- [Dataset records]
>>

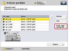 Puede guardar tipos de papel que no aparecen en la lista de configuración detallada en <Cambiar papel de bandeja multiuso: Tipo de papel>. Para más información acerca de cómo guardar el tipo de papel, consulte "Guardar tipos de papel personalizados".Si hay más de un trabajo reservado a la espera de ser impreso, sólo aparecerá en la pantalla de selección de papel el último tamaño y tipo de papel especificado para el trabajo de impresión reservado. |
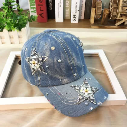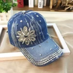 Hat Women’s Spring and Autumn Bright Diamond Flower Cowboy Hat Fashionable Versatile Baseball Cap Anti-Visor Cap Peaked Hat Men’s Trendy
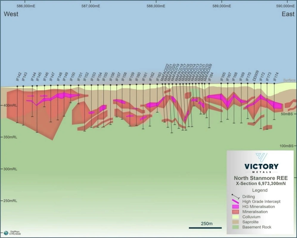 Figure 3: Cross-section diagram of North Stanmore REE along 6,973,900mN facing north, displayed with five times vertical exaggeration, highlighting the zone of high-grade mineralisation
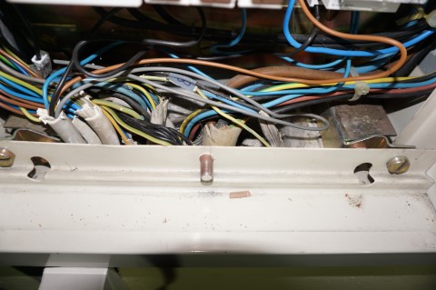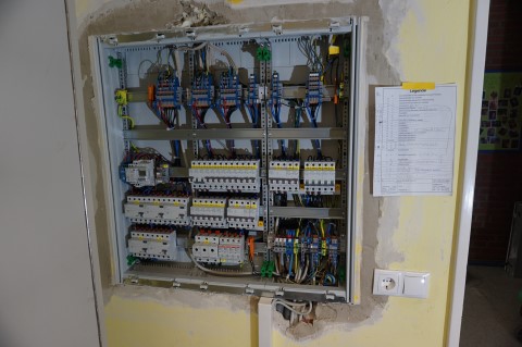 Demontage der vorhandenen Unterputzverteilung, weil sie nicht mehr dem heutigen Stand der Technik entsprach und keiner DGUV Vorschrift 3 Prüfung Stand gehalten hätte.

<<
>>

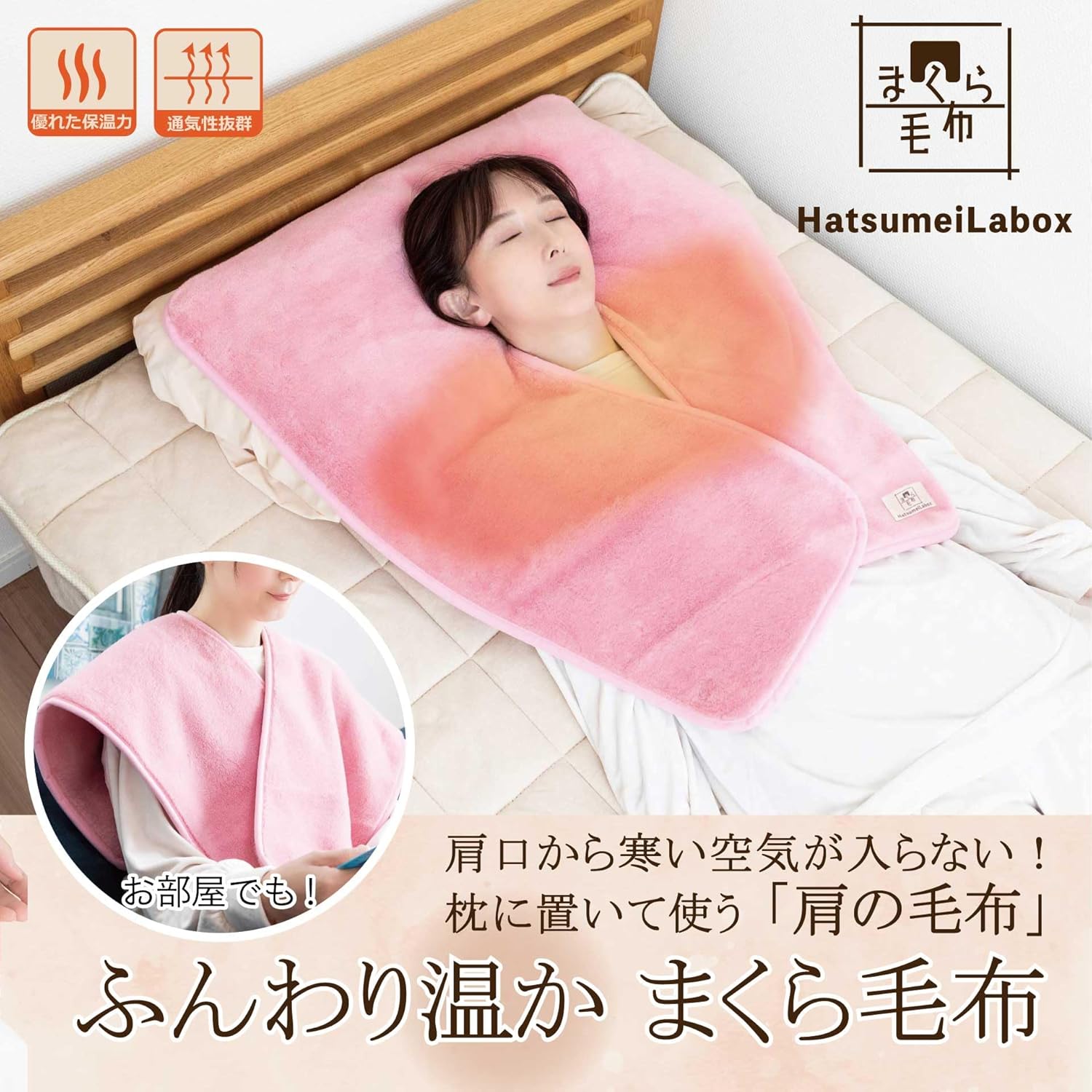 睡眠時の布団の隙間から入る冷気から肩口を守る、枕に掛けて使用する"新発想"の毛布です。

<<

- [What you should do] Those lines of the records above that run from the one containing "Hat Women’s Spring" through the one containing "Figure 3: Cross-section" should be returned exactly, with no pictures among them.

- [Exercise response]
 Hat Women’s Spring and Autumn Bright Diamond Flower Cowboy Hat Fashionable Versatile Baseball Cap Anti-Visor Cap Peaked Hat Men’s Trendy
 Figure 3: Cross-section diagram of North Stanmore REE along 6,973,900mN facing north, displayed with five times vertical exaggeration, highlighting the zone of high-grade mineralisation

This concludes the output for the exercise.